Немецкие солдаты сидели под каждой развалиной, но вместо того, чтобы отстреливаться, поднимали руки.
И вот Мирошник сидит за новогодним столом, накрытым на подветренной стороне русской печки, в сущности – прямо на улице, потому что избы уже не было, оставались всего две стены, даже без крыши. Впрочем, для новогоднего пиршества обломки были убраны и пол для господ немецких офицеров чисто выметен нижними чинами.
В углу за печкой на этом чистом полу сидели устроители праздника. Неловко согнув колени, все шестеро господ офицеров, протрезвевшие от новизны положения, застенчиво отворачивались от стволов двух автоматов, упорно глядевших в их сторону. Что и говорить, неприятное ощущение, когда на тебя вплотную глядит этот тупой нос. В центре группы сидел сам майор Крюгер и бросал недружелюбные взгляды белесых глаз на нашего старшего лейтенанта.
На темной улице, сгрудившись в темную кучу, как бараны у колодца, сидели пленные немецкие солдаты.
– Мы добровольно сдались… Я сам бросил оружие! Я сам бросил свой автомат! – кричали они Васе Гришину.
– Мы воевать не хотим! Мы вам не враги! – перебивали они друг друга.
В другой группе пленных, охраняемых одним Сергеем, вдруг началась какая-то свалка. Ругались на всех языках Европы.
– Что там у тебя? – спросил я Сергея.
– Рассчитываются, – спокойно ответил он, не сдвинувшись с места.
В центре группы уже лежали на земле двое избитых гитлеровцев. На них указывало множество рук, и многоязычная толпа кричала: «Фашист! Фашист!» Глаза кричавших горели ненавистью.
Черный лохматый румын с артистической ловкостью изобразил жестами и мимикой, как эти валявшиеся теперь на земле пулеметчики гнали его в бой, подталкивая в огонь, а сами сидели в укрытии. Затем, приняв надменный вид, он высокомерно и медленно подошел к лежавшим и, не глядя, наступил на одного из них. Не успел я остановить его, как он, не меняя позы, выкрикнул по-немецки: «Встать, румынская свинья! Вперед!»
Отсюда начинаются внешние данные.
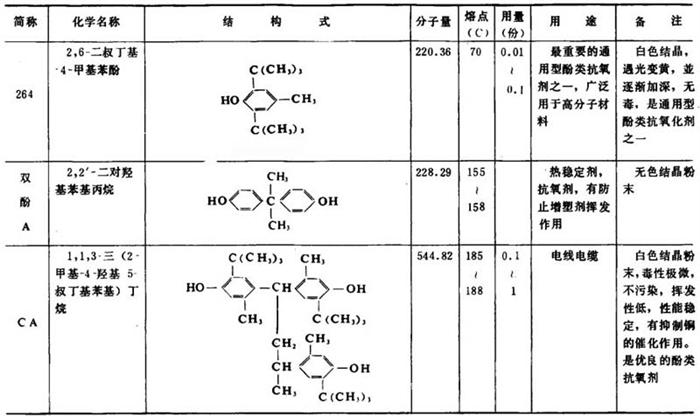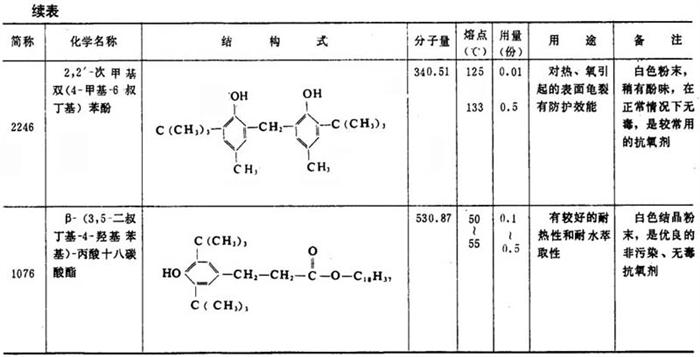 表2-2-14 主要抗氧剂的性能与应用

Я хотел схватить его, но он тотчас отскочил и снова, крутясь как черт и бешено жестикулируя, стал объяснять мне что-то на непонятном языке, показывая то на себя, то на немцев. Впрочем, инсценировка была понятна и без слов. «Вот как они поступали с нами!» – говорила она.
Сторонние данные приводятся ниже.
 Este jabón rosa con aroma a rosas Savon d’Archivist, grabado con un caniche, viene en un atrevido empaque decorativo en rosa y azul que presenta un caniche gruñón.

– Это он демонстрирует фашистскую «дружбу народов», – с усмешкой заметил Сергей.
Опасаясь за целость этих двух немцев, которые могли пригодиться для расспросов в штабе, я приказал Сергею позаботиться, чтобы их союзники не выражали им больше своих «дружеских» чувств. Это нам напомнило эпизод с венгром.
С этого дня мы не знали уже остановок. Мы шли вперед, оставляя позади все более и более широкие пространства, освобожденные от гитлеровцев. С каждым днем приходили к нам вести о том, что теперь их гонят по всем фронтам. Среди зимы бежали они по ими же опустошенным степям и погибали в снегах. Мы гнались за ними, но отставали от них, и вот по пути стали нас обгонять тяжелые «трехоски» с молодыми бойцами в новеньком обмундировании. Нас обгоняли танки с красными звездами, с надписями: «На Берлин!», «Смерть фашизму!», «Вперед, до победы!».
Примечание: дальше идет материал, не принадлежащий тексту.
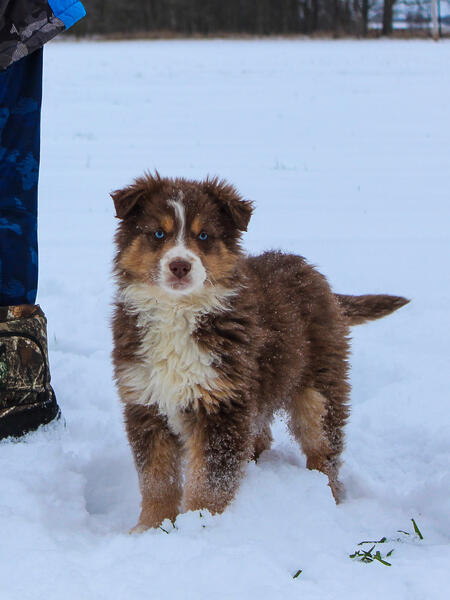 message puppylove08 about this ad Purebred Australian Shepherd! He is about. 1 year old now. He is pre spoiled and loves children! Red Tri with freckles! Snatcher has beautiful Amber eyes and a big beautiful full tail! Very friendly and fiery haha Sometimes takes a minute to warm up to new people. Ready to go now! $350 for Snatcher Aussie Red Tri |

Мы с завистью провожали глазами этих ребят.
Сами мы были брошены на очистку тылов.
Следующая наша остановка была у того источника, где когда-то сердобольная Мери, украдкой от старших, подняла оброненный Грушницким стакан. Но с нами не было ни Печориных, ни Грушницких, у нас свои герои нашего времени и у нас свои Мери.
Вот этих-то героев нашего времени и приглашают нынче сниматься в кино крупным планом.
Вася пошел к выходу. Он, бедняга, так напрягал свою мысль, что глубокая складка легла у него меж бровей. Я вижу, что он опять не удовлетворен своими трудами и, конечно, не написал ни одной мало-мальски пригодной строчки. Это может отразиться на качестве «крупного плана». Я больше не стал его мучить и передал письмо Гули, которое адресовано нам обоим.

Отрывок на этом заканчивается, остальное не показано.